You can also steam mussels in the morning and chill for later, and cook crab and lobster in advance. The most important part is keeping everything cold until the last minute, LeFevre warns. No one wants room-temperature oysters.
"The only thing you shouldn't do in advance is shuck oysters and clams, because they're literally alive until you shuck them," he explains. Get an extra oyster knife and grab a friend to help you shuck as people file into your party. Think of it as live entertainment.
Set the Stage
Essential tips for the ultimate bar setup
"A shellfish tower should be luxurious," LeFevre says, "and luxury is about not having to work too hard." That means cracking shells and removing meat ahead of time, so that guests don't have to get their hands dirty—literally. You can cut lobster tails lengthwise to remove the meat and return it to the shell for presentation. The same goes for crab. "Cut all the way up the length of the crab leg on both sides, so guests can easily pull off the meat," LeFevre advises.

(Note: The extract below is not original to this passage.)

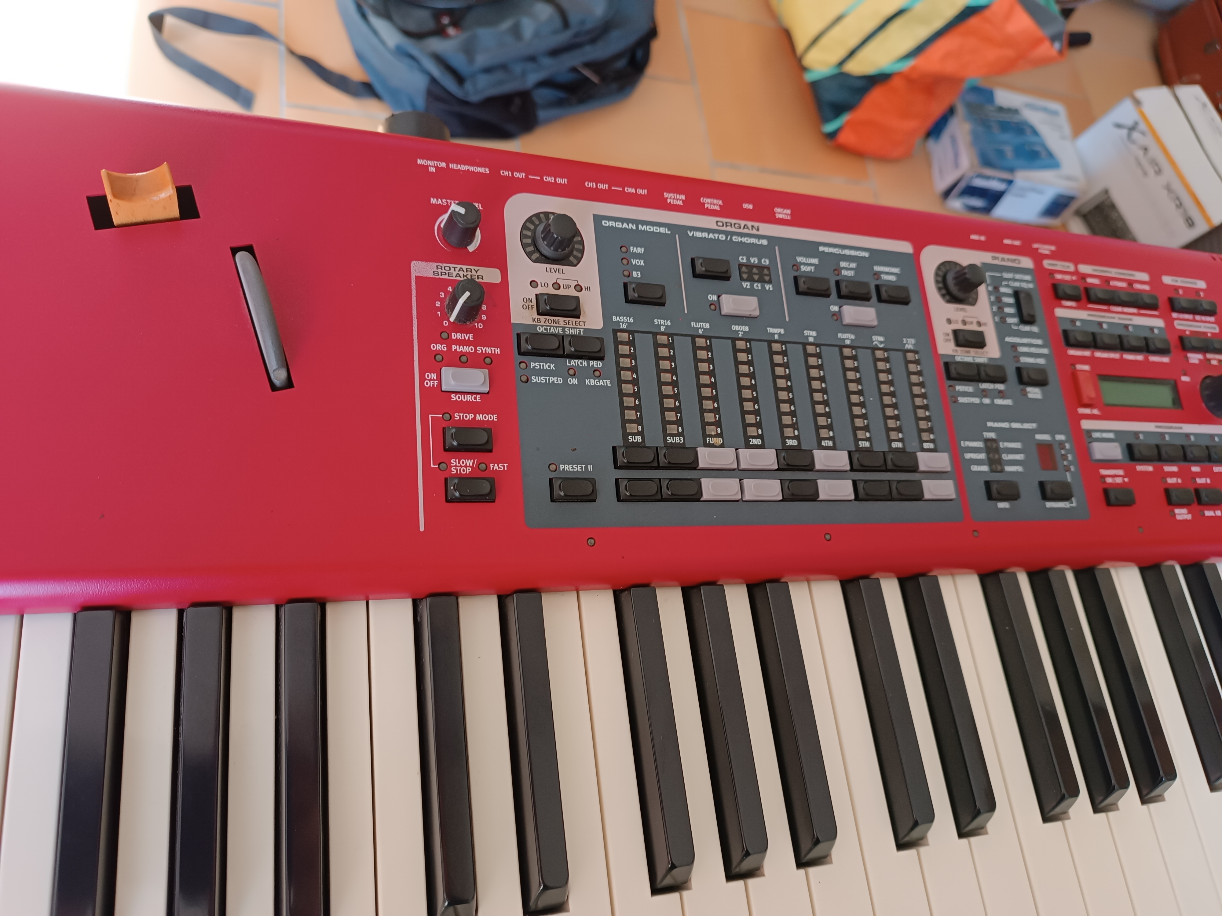 Le clavier légendaire, haut de gamme très bon son et très bon touché.Livré avec la housse (qui a vécu) et une pédale de sustain.

Once you've cracked the shells and loosened the meat, it's time to plate. You'll need crushed ice and plenty of it. Pro tip: LeFevre suggests placing a paper towel or wad of newspaper in the bottom of the bowl, beneath the mound of ice, so that when the ice melts, it doesn't slosh around.

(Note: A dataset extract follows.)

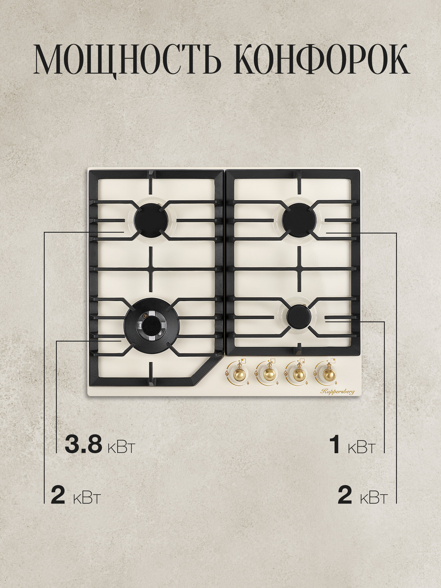 мощность конфорок: передняя левая 2.9 кВт, передняя правая 1,0 кВт, задняя левая 2.0 кВт, задняя правая 2.0 кВт; бронзовый цвет фурнитуры; коллекция Classic

Always make sure to have a discard bowl, or a few, ready for shells. Also lay out your lemon wedges, sauces, small forks and little spoons. Moist towelettes aren't a bad idea either.
Recipes to take things to the next level
Instead of serving a traditional mignonette, mix things up this year. LeFevre dresses up traditional mignonette with crushed peppercorns (see the recipe), and serves it with clams and oysters. For heavier items—like crab, shrimp and lobster—he makes a yuzu mayo (see the recipe). "Red shellfish tend to hold well with a rémoulade," he says. Finally, he serves a soy- and citrus-laced ponzu sauce (see the recipe) that works with just about anything. Grated raw daikon mixed into the sauce sticks nicely to whatever you're dipping.

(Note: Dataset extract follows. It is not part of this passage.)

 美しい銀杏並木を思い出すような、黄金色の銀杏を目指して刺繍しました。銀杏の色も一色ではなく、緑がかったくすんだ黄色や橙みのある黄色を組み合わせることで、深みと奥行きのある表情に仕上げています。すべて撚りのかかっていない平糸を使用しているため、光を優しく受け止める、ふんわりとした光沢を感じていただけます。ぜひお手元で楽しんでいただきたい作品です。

LeFevre also likes a fresh and spicy pico de gallo with oysters. "It's a nice surprise and simple." Or try pairing Scotch and oysters, like they do in Scotland. The salt in the oysters makes the Scotch taste sweeter, LeFevre explains.
Wash It All Down
Drink pairings that keep it classy
Even if you're not using alcohol in your mignonettes, make sure you have the right booze on hand to drink. Champagne is the obvious choice, and LeFevre calls it the perfect pairing for oysters. "It's luxurious and celebratory." Following the rule that "what grows together, goes together," he also recommends Muscadet. "That wine is actually produced right at the end of the Loire river, which is a huge oyster-producing area, too. It's a one-dimensional, crisp, clean white." Whether you go bubbly or not, make sure to stock up, because the only thing worse than a New Year's Eve party without enough food is a NYE party without enough booze.